Skip every picture, then write out exactly the lines of the listing below from the line that contains "Galaxy A51 ケース" through the final line.

* **DATASET SECTION**:
>>>>>
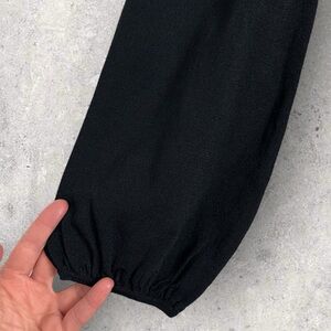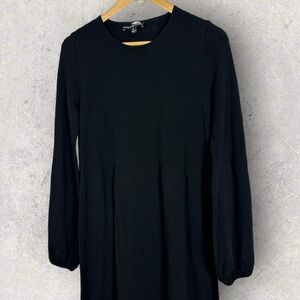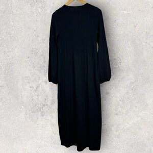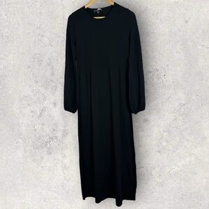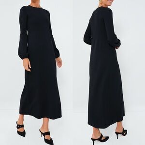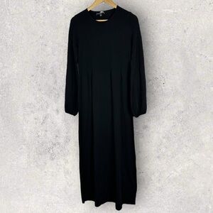 Tuckernuck Pomander Place Black Double Knit Lennox Dress in Women's Size Medium. Retails for $168 USD (approximately $234 CAD). As cozy as a sweater and as chic as a dress, the Lennox will take you from clocking hours at the office to holiday cocktail parties with a quick switch of accessories. Crafted from a double knit fabric that's ultra slimming and even more comfortable, this minimalistic maxi is ready to be dressed up or down with its blouson sleeves and textured bodice details. Pair it with flats and gold hoops for effortless styling and a casual cool vibe, or dress it up with heels and a clutch. Crew neckline. Long blouson sleeves. Button cuffs. Smocked chest and arms for extra slimming look. Maxi length. Double knit fabric. 63% rayon and 37% nylon. Hand wash. Made in China. Very good pre-owned condition. No visible flaws but note that care tag is faded.
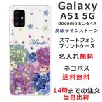 Galaxy A51 ケース SC-54A SCG07 ギャラクシーA51 カバー ラインストーン かわいい フラワー 花柄 らふら 名入れ 押し花風 春花
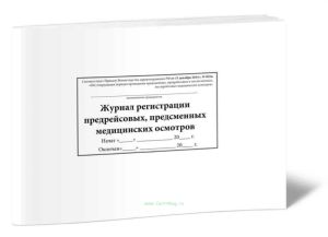 Форма журнала регистрации предрейсовых, предсменных медицинских осмотров утверждена Приказом Министерства здравоохранения Российской Федерации (Минздрав России) от 15 декабря 2014 г. N 835н г. Москва "Об утверждении Порядка проведения предсменных, предрейсовых и послесменных, послерейсовых медицинских осмотров", вводится с 1 мая 2015 г. и действует в настоящее время.
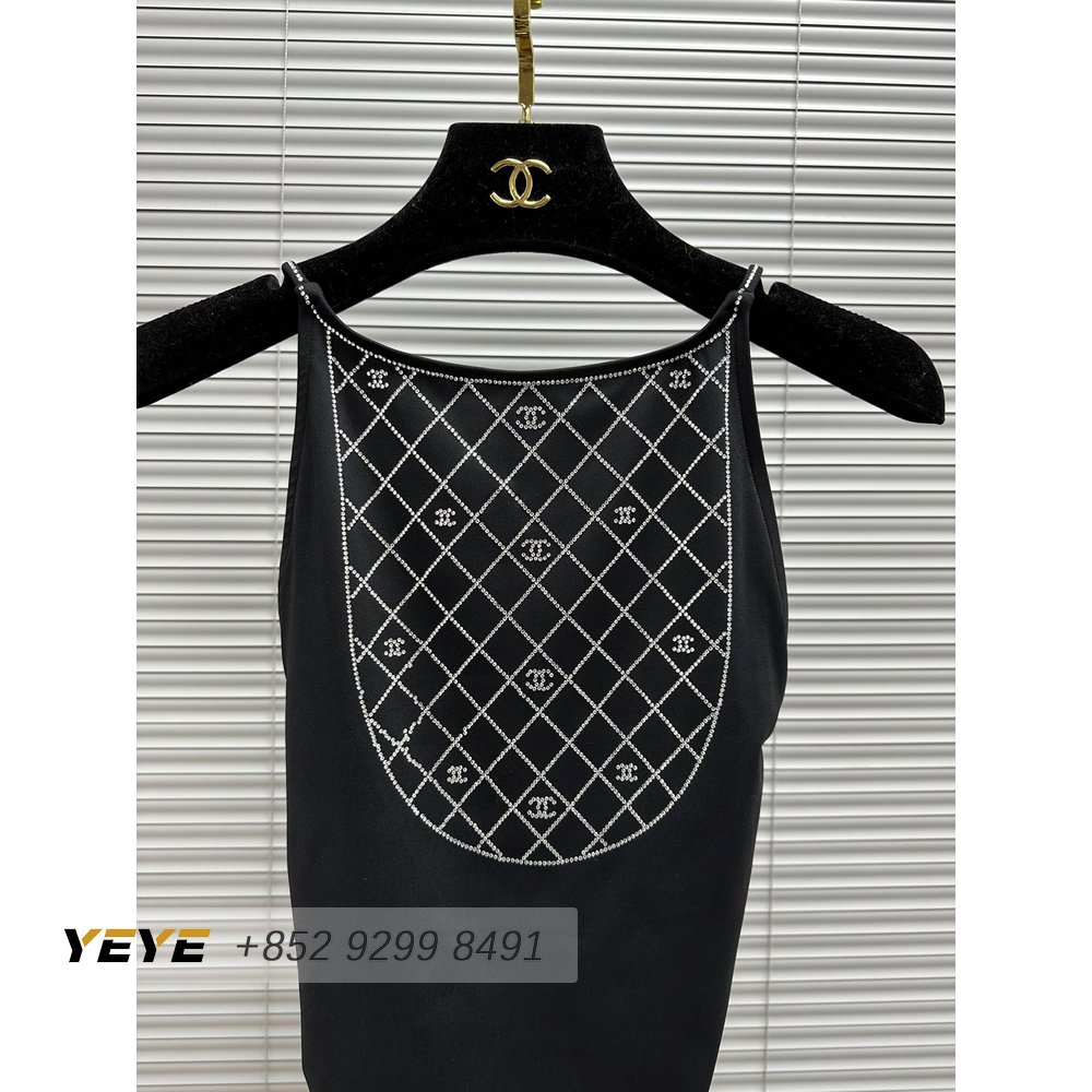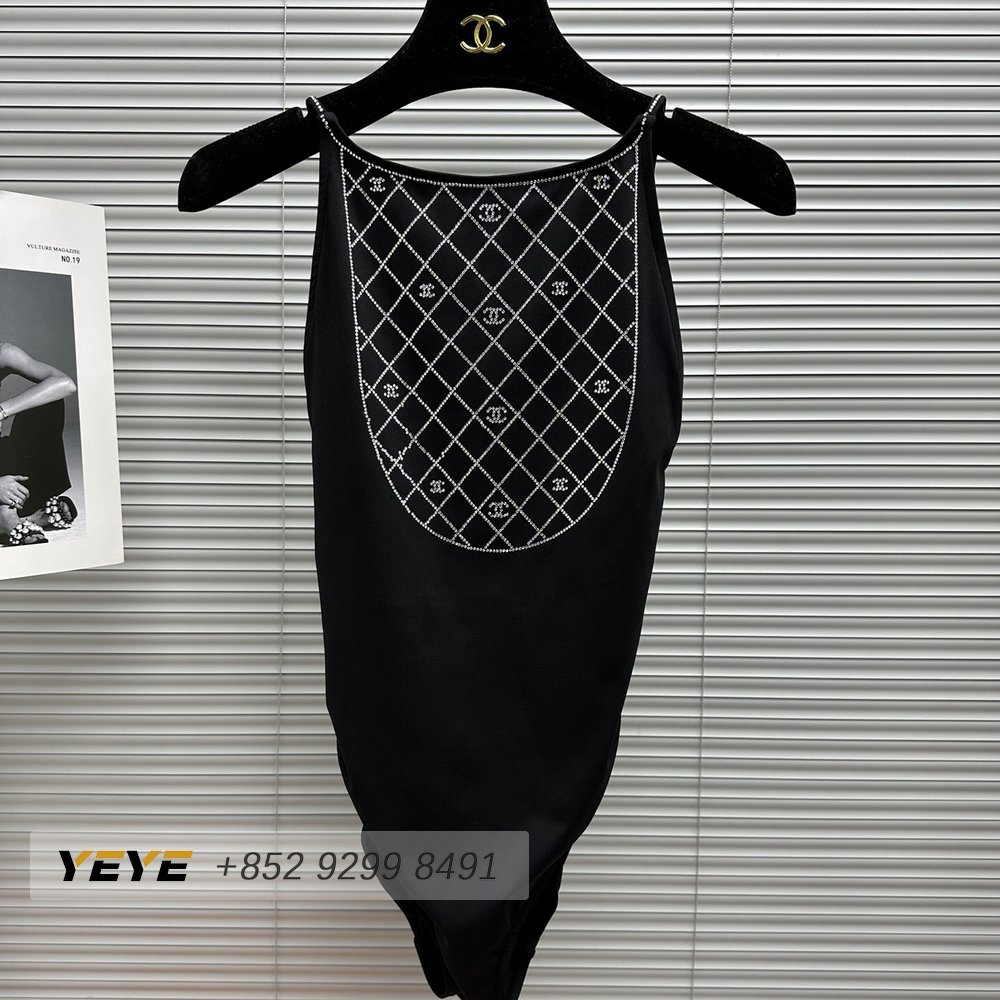 Chanel Swimsuit Stretch Jersey Strass Black Silver
<<<<<
* **SOLUTION FOR THIS PROBLEM**:
 Galaxy A51 ケース SC-54A SCG07 ギャラクシーA51 カバー ラインストーン かわいい フラワー 花柄 らふら 名入れ 押し花風 春花
 Форма журнала регистрации предрейсовых, предсменных медицинских осмотров утверждена Приказом Министерства здравоохранения Российской Федерации (Минздрав России) от 15 декабря 2014 г. N 835н г. Москва "Об утверждении Порядка проведения предсменных, предрейсовых и послесменных, послерейсовых медицинских осмотров", вводится с 1 мая 2015 г. и действует в настоящее время.
 Chanel Swimsuit Stretch Jersey Strass Black Silver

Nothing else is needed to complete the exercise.